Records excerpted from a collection
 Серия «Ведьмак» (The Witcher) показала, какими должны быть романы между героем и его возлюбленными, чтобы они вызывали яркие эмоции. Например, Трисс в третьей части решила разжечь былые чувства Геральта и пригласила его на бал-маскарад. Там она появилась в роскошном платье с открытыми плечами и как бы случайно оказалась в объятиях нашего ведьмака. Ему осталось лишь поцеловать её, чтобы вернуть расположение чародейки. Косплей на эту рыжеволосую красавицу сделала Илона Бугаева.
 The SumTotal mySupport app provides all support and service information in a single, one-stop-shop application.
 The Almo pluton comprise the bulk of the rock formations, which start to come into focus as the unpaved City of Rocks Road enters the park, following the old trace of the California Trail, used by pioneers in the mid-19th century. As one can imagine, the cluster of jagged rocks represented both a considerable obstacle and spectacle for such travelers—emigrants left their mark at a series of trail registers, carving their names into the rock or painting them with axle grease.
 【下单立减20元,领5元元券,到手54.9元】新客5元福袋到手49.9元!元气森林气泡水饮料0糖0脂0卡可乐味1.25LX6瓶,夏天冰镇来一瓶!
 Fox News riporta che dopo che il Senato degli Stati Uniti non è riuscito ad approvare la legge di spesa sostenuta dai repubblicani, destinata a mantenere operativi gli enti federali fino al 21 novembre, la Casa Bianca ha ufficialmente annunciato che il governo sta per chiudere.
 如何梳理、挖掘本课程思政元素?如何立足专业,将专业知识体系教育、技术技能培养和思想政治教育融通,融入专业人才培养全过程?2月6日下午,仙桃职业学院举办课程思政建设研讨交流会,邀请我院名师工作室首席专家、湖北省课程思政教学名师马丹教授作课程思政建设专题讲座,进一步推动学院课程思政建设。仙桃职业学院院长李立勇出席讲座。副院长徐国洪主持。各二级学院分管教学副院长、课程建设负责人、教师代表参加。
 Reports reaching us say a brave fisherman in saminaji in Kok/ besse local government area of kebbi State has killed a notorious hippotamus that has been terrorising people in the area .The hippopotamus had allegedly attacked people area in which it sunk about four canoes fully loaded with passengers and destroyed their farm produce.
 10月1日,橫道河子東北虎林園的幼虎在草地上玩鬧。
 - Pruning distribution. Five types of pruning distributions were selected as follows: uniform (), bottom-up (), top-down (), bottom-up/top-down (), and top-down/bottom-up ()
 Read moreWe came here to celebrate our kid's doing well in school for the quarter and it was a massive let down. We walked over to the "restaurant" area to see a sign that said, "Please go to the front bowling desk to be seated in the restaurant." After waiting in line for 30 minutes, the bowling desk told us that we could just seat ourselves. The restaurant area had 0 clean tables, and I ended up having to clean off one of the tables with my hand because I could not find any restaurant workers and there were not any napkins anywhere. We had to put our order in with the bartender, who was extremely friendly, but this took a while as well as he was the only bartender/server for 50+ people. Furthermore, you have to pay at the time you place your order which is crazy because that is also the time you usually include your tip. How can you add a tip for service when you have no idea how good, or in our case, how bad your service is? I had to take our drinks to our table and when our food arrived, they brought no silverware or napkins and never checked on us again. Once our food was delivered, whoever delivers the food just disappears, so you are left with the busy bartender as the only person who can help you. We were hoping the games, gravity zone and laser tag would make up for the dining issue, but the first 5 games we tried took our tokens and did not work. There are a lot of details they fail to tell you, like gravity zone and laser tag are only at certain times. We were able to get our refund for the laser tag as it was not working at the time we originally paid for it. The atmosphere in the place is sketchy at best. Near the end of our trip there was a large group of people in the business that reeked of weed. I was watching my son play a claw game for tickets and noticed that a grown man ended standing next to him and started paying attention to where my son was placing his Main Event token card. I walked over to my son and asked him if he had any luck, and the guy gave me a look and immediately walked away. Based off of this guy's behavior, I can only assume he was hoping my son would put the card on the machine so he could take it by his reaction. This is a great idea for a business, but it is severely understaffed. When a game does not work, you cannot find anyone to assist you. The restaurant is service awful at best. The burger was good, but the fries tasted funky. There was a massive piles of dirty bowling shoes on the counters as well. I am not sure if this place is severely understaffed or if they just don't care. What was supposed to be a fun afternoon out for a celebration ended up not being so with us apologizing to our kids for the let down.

What is being asked
For this exercise, output exactly the lines above from the line with "10月1日,橫道河子東北虎林園的幼虎在草地上玩鬧。" to the line with "- Pruning distribution.", counting both, and leave out the rest.

The completed task
 10月1日,橫道河子東北虎林園的幼虎在草地上玩鬧。
 - Pruning distribution. Five types of pruning distributions were selected as follows: uniform (), bottom-up (), top-down (), bottom-up/top-down (), and top-down/bottom-up ()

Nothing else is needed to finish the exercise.